Input data:
____________

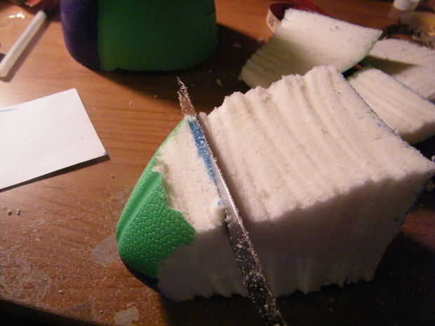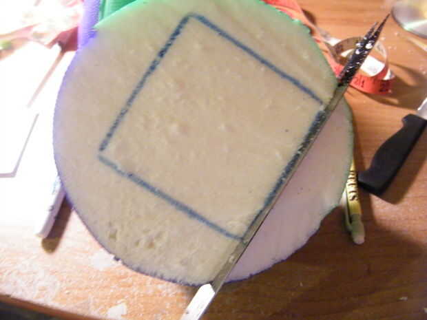 Ahora corte a lo largo de las líneas de casillas hacia el punto del fútbol, lo más recto posible. Salí con un ángulo rectángulo.
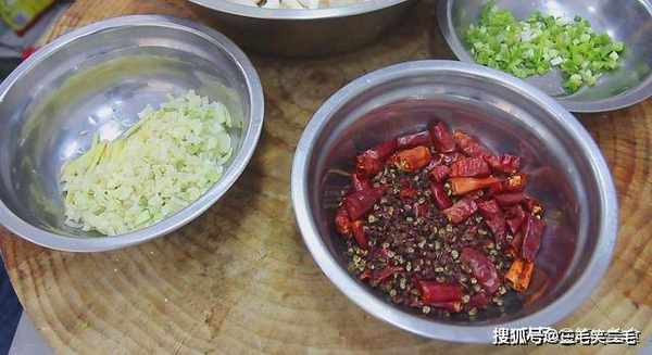 下面我们开始烹饪,锅内留底油,油热以后,放入葱姜蒜,翻炒出香味,倒入干辣椒和花椒翻炒一会。
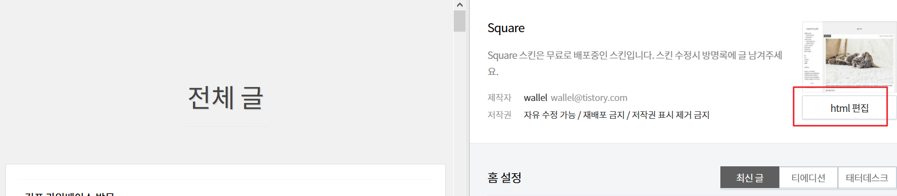 이 내용을 기반으로 Tistory 관리모드로 들어가 스킨 편집에 들어간다. 그리고 Html 편집을 클릭해서 스킨의 HTML 편집을 실행한다.
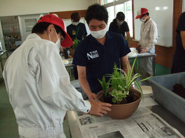 管内の小中学校の先生方22名が、動物コース、植物コース、環境コースに分かれて酪農教育ファーム、寄せ植え、木工などを体験されました。

____________

Exercise directions:
Quote the material exactly. Pictures stay out.

Answer to the exercise:
 Ahora corte a lo largo de las líneas de casillas hacia el punto del fútbol, lo más recto posible. Salí con un ángulo rectángulo.
 下面我们开始烹饪,锅内留底油,油热以后,放入葱姜蒜,翻炒出香味,倒入干辣椒和花椒翻炒一会。
 이 내용을 기반으로 Tistory 관리모드로 들어가 스킨 편집에 들어간다. 그리고 Html 편집을 클릭해서 스킨의 HTML 편집을 실행한다.
 管内の小中学校の先生方22名が、動物コース、植物コース、環境コースに分かれて酪農教育ファーム、寄せ植え、木工などを体験されました。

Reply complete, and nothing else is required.